🤖 AI Summary
This work addresses the challenge of automatically discovering interpretable and discriminative global features from unstructured text by proposing a dataset-level prompt optimization approach. It extends prompt learning beyond the instance level to the dataset level for the first time, employing a multi-agent collaborative framework that iteratively generates feature definitions, extracts feature values, and jointly optimizes a shared prompt based on feedback from both downstream classification performance and interpretability. Experimental results demonstrate that the method automatically produces high-quality, human-understandable feature sets across multiple text classification tasks, significantly enhancing model performance and confirming its effectiveness and generalizability.
📝 Abstract
Feature extraction from unstructured text is a critical step in many downstream classification pipelines, yet current approaches largely rely on hand-crafted prompts or fixed feature schemas.
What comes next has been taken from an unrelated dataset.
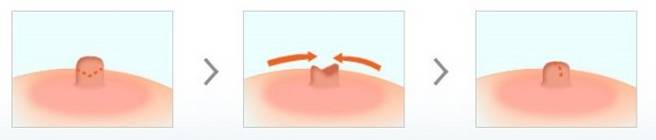 帮助扁平乳头外突的一个方法是:双手拇指分放乳头两侧,直接作用在乳头的底部,而不是乳晕的周围。两拇指冲着乳房组织用劲下压,同时外拉。这样做可以让乳头伸出来,同时也放松乳头底部的肌肉。绕着乳头的底部重复上述拉伸动作无次。
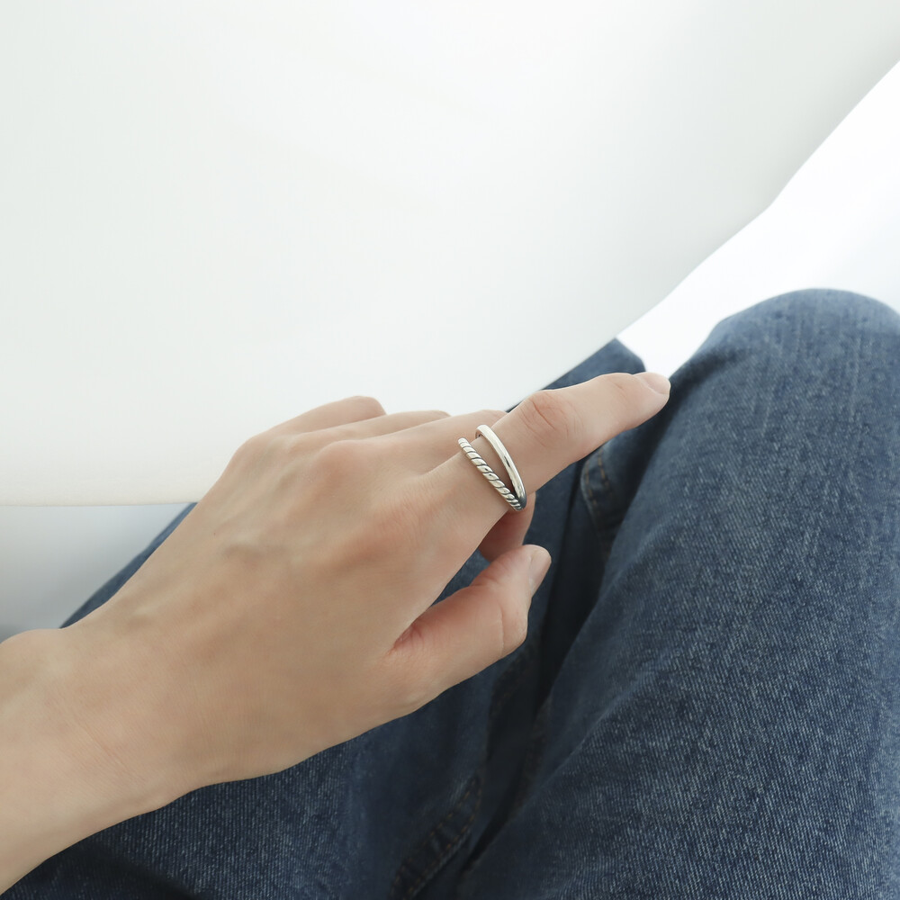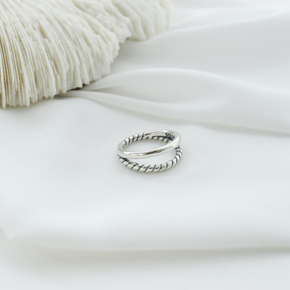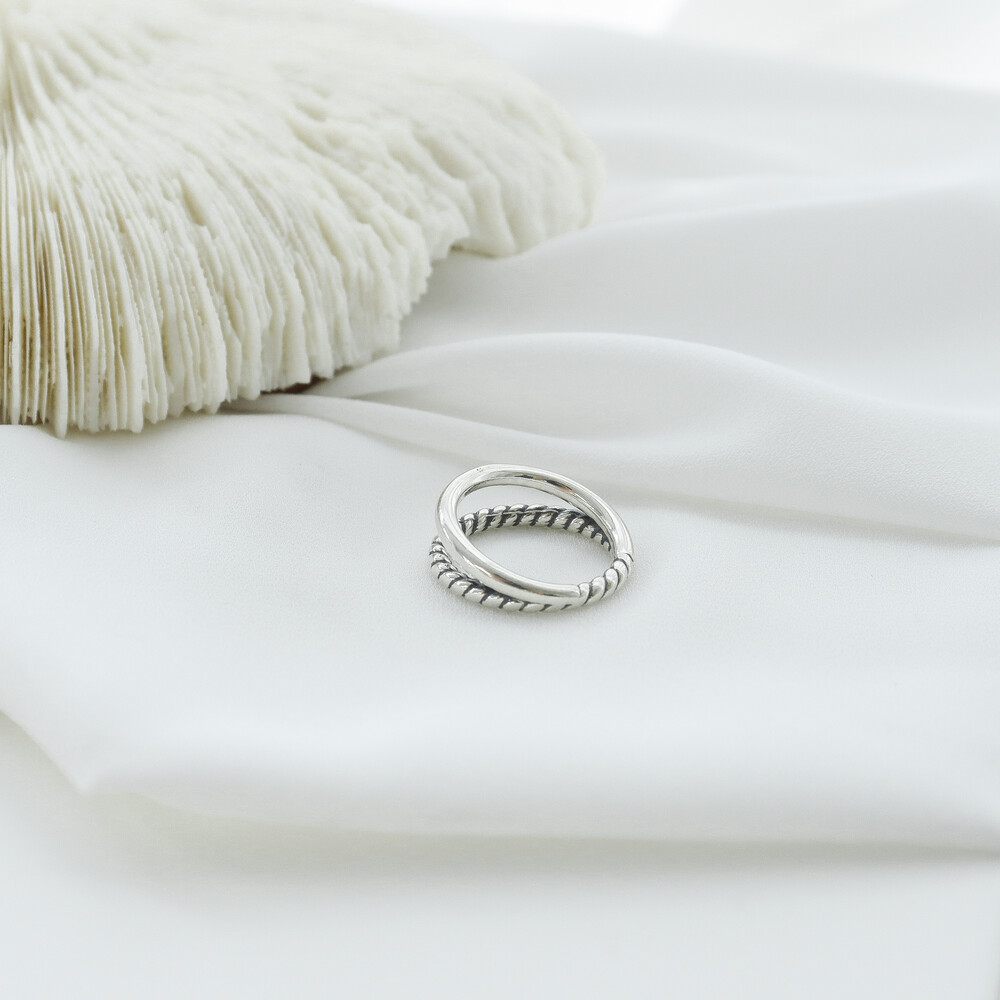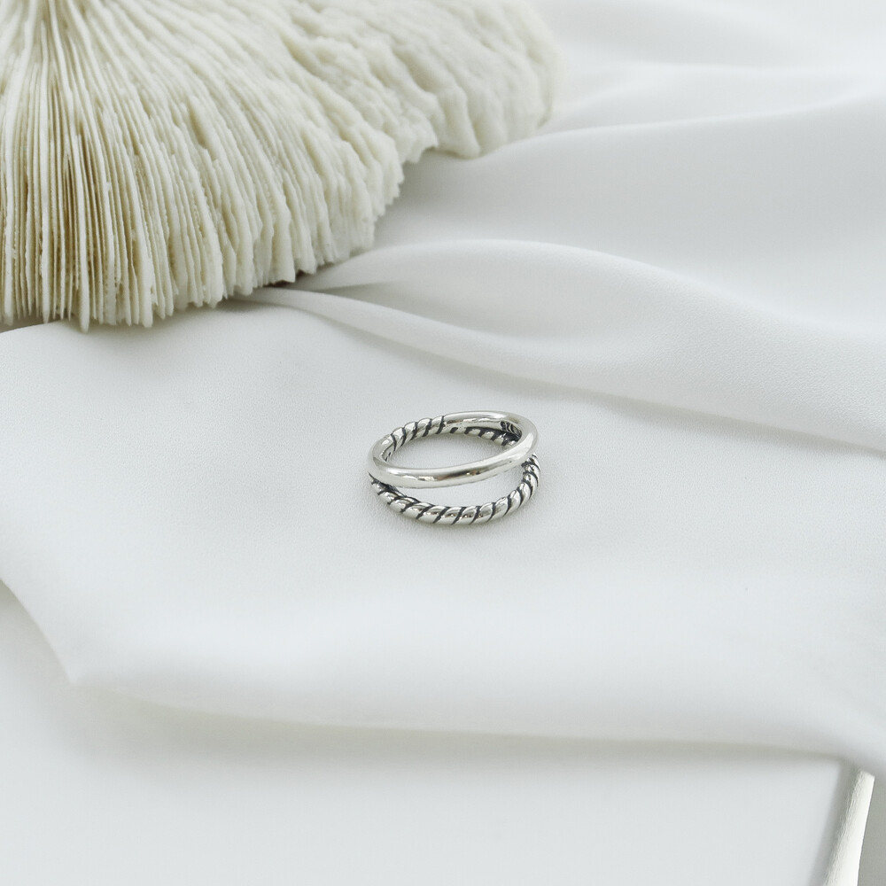 102058 2-Line Bold Oxidized Silver Ring

We formulate feature discovery as a dataset-level prompt optimization problem: given a labelled text corpus, the goal is to induce a global set of interpretable and discriminative feature definitions whose realizations optimize a downstream supervised learning objective. To this end, we propose a multi-agent prompt optimization framework in which language-model agents jointly propose feature definitions, extract feature values, and evaluate feature quality using dataset-level performance and interpretability feedback. Instruction prompts are iteratively refined based on this structured feedback, enabling optimization over prompts that induce shared feature sets rather than per-example predictions. This formulation departs from prior prompt optimization methods that rely on per-sample supervision and provides a principled mechanism for automatic feature discovery from unstructured text.